# TASK ITEM
Copy out exactly, from the entries that follow, the line holding "Tešlą sudėkite į", the line holding "选择工作台左手面的风格定制 ,导入准备好的图片,然后在右手边工作区内为它起一个名字,其他参数我们保持默认,然后点击开始训练 。", and all lines between them, but no pictures.
THE DATA: Begin
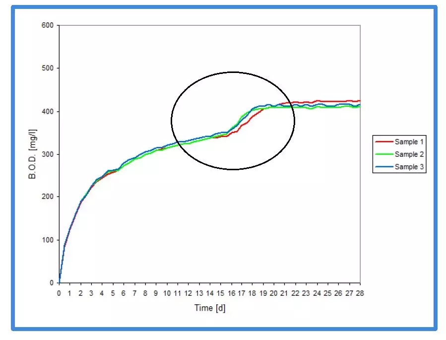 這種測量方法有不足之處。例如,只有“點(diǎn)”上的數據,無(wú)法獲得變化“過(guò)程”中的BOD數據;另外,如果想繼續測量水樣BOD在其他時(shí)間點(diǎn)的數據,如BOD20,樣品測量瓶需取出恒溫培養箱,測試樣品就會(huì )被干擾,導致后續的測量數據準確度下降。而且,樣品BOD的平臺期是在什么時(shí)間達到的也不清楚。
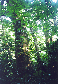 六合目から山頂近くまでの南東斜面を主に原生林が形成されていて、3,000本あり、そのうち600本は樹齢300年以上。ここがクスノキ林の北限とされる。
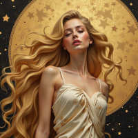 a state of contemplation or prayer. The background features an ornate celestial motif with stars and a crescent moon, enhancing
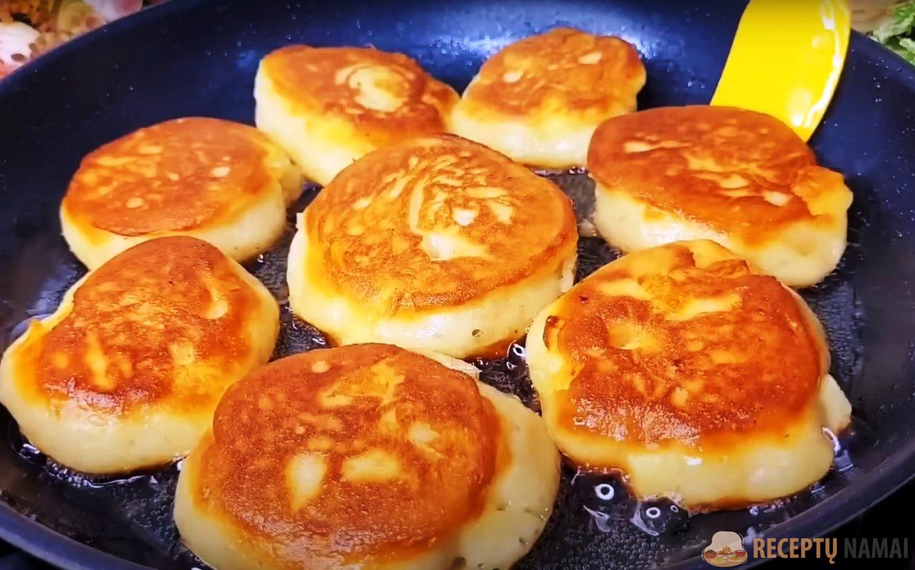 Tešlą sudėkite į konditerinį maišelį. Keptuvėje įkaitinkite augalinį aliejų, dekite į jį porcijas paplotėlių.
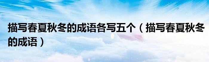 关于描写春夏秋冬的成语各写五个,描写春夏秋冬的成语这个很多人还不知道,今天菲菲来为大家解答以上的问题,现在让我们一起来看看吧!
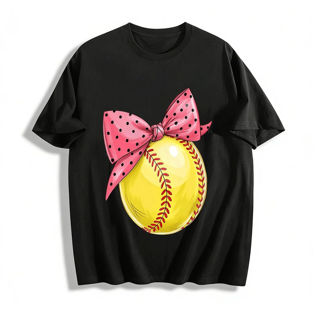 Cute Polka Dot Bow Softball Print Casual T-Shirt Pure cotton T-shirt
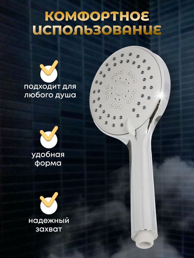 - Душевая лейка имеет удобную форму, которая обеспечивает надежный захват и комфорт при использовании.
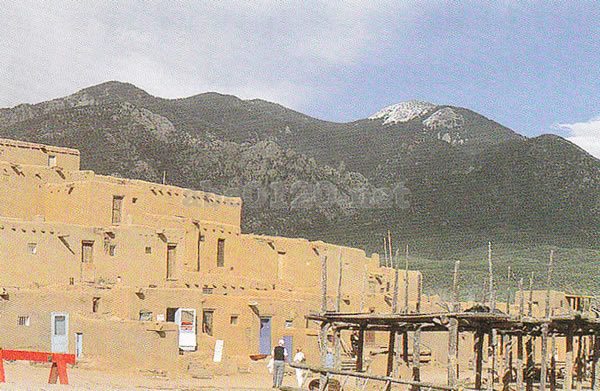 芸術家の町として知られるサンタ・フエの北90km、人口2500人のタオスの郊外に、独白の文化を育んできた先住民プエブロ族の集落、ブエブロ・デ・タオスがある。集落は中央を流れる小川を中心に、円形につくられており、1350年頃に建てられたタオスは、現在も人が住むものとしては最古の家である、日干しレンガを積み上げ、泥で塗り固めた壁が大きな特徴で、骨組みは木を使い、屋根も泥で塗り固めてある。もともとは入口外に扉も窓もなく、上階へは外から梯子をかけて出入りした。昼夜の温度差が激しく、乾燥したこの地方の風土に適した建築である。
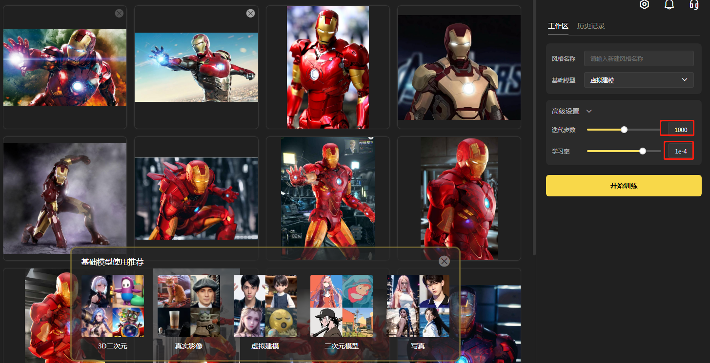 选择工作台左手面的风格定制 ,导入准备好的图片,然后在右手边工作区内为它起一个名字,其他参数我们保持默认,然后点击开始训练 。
THE DATA: End
THE DATA: Begin
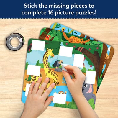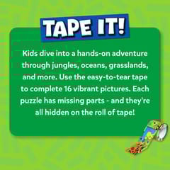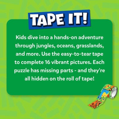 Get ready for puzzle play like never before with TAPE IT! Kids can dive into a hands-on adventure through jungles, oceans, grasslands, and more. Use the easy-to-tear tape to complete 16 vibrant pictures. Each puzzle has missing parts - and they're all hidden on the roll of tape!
THE DATA: End
# EXPECTED ANSWER
 Tešlą sudėkite į konditerinį maišelį. Keptuvėje įkaitinkite augalinį aliejų, dekite į jį porcijas paplotėlių.
 关于描写春夏秋冬的成语各写五个,描写春夏秋冬的成语这个很多人还不知道,今天菲菲来为大家解答以上的问题,现在让我们一起来看看吧!
 Cute Polka Dot Bow Softball Print Casual T-Shirt Pure cotton T-shirt
 - Душевая лейка имеет удобную форму, которая обеспечивает надежный захват и комфорт при использовании.
 芸術家の町として知られるサンタ・フエの北90km、人口2500人のタオスの郊外に、独白の文化を育んできた先住民プエブロ族の集落、ブエブロ・デ・タオスがある。集落は中央を流れる小川を中心に、円形につくられており、1350年頃に建てられたタオスは、現在も人が住むものとしては最古の家である、日干しレンガを積み上げ、泥で塗り固めた壁が大きな特徴で、骨組みは木を使い、屋根も泥で塗り固めてある。もともとは入口外に扉も窓もなく、上階へは外から梯子をかけて出入りした。昼夜の温度差が激しく、乾燥したこの地方の風土に適した建築である。
 选择工作台左手面的风格定制 ,导入准备好的图片,然后在右手边工作区内为它起一个名字,其他参数我们保持默认,然后点击开始训练 。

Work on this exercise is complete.